De corporaties zullen hun bijdrage naar draagkracht storten. Zij mogen de geldpot zelf beheren. Dat betekent een tegenvaller voor minister Bos van Financiën, omdat het fonds daarmee niet positief uitpakt voor het begrotingssaldo. Wel „staat daar voor een deel de vennootschapsbelasting tegenover”, aldus Vogelaar.
De opbrengst van deze winstbelasting zou jaarlijks 500 miljoen euro bedragen. Volgens Willem van Leeuwen, voorzitter van de koepel van woningcorporaties Aedes, doet dit dan ook „vreselijk zeer.” „We komen hierover met het kabinet nog te bespreken”, waarschuwt hij. Van Leeuwen is echter „heel tevreden over dit akkoord: wij weten nu waar we aan toe zijn.”
De 2,5 miljard euro die de corporaties moeten ophoesten, is minder dan de 3 miljard euro die het kabinet wilde heffen. Volgens Vogelaar zit er echter meer in het vat dan de bijdrage van de corporaties. Binnen het kabinet zullen andere ministeries een nog onbekend bedrag bijdragen, stelt zij. Als voorbeeld noemde Vogelaar de minikredieten aan kleine ondernemers van het ministerie van Economische Zaken.
In het akkoord hebben Vogelaar en de woningcorporaties een aantal zaken uitgeruild. De bijdrage van de corporaties aan de uitgaven voor de huurtoeslag gaat definitief niet door. Wel blijven de huren gekoppeld aan de inflatie. Op hun beurt beloven de sociale huisvesters in de periode 2007-2010 150.000 woningen te bouwen.
De coalitiepartijen PvdA en CDA reageren positief op de overeenkomst. Voor het CDA telt zwaar mee dat het fonds ook openstaat voor corporaties in andere dan de veertig probleemwijken. „Dat hebben wij altijd bepleit.
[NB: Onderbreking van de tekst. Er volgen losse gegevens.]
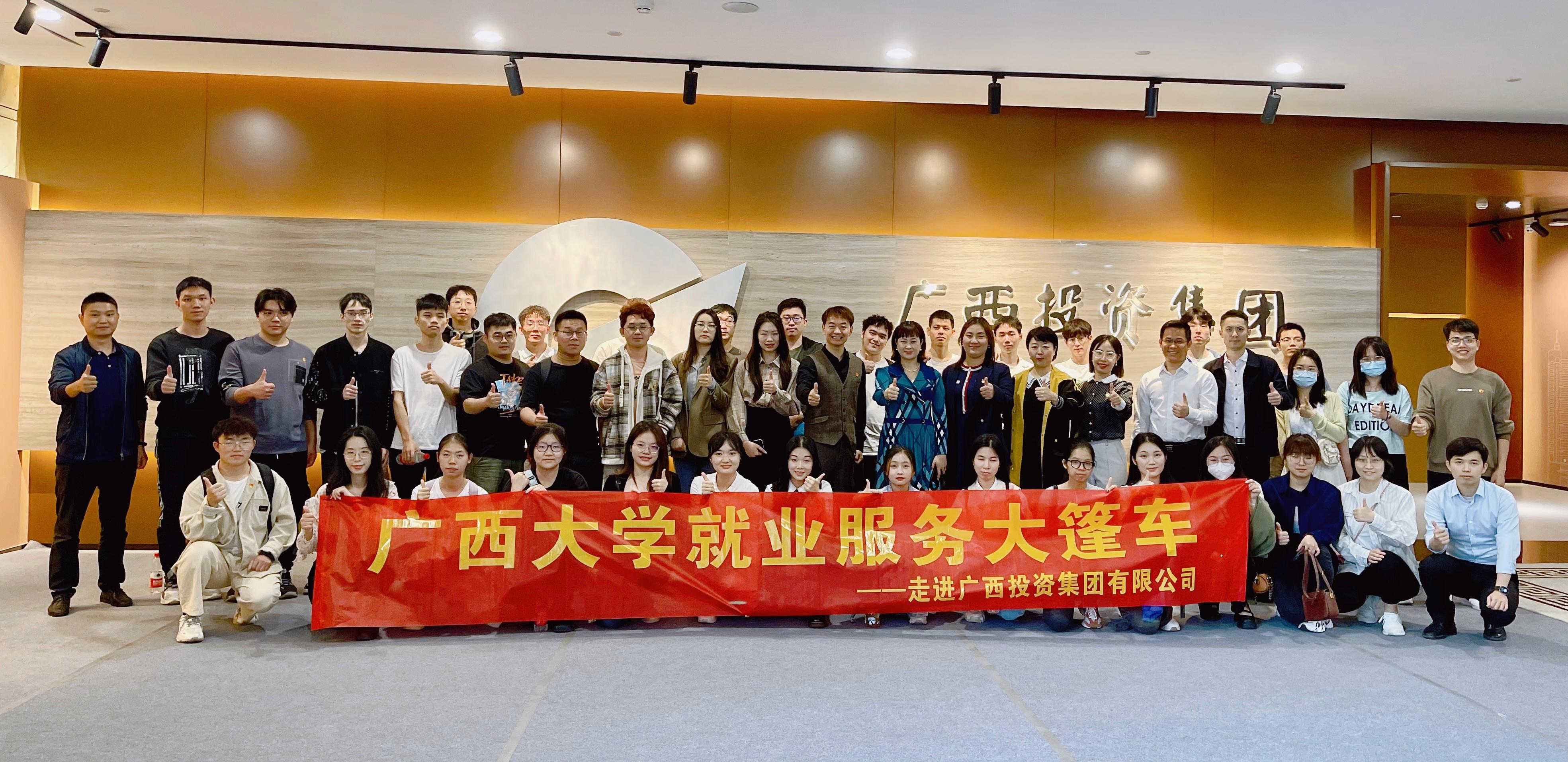 为进一步拓展学生就业渠道,促进学生高质量就业,5月9日下午,学生工作处组织近百名师生搭乘“就业服务大篷车”走进广西投资集团有限公司参观调研。

Die andere wijken mogen niet veronachtzaamd worden”, aldus CDA-Tweede Kamerlid Van Bochove.
De VVD eist zekerheid op dit punt, stelt de kamerlid Van der Burg. Ook de koepel van Nederlandse gemeenten, de VNG, wil weten of met het akkoord de woningcorporaties in andere gemeenten nog wel investeringen kunnen doen.
De SP hekelt de nieuwe vennootschapsbelasting, omdat het geld niet naar de wijken maar naar de schatkist gaat. „Corporaties zijn sociale instellingen. Winstbelasting staat daar haaks op”, aldus Kamerlid Paulus Jansen. Het zint hem verder niet dat voorzieningen voor bijvoorbeeld scholen gefinancierd gaan worden uit het fonds. „In het verleden kwam dat geld uit de algemene middelen, of de onderwijsbegroting”.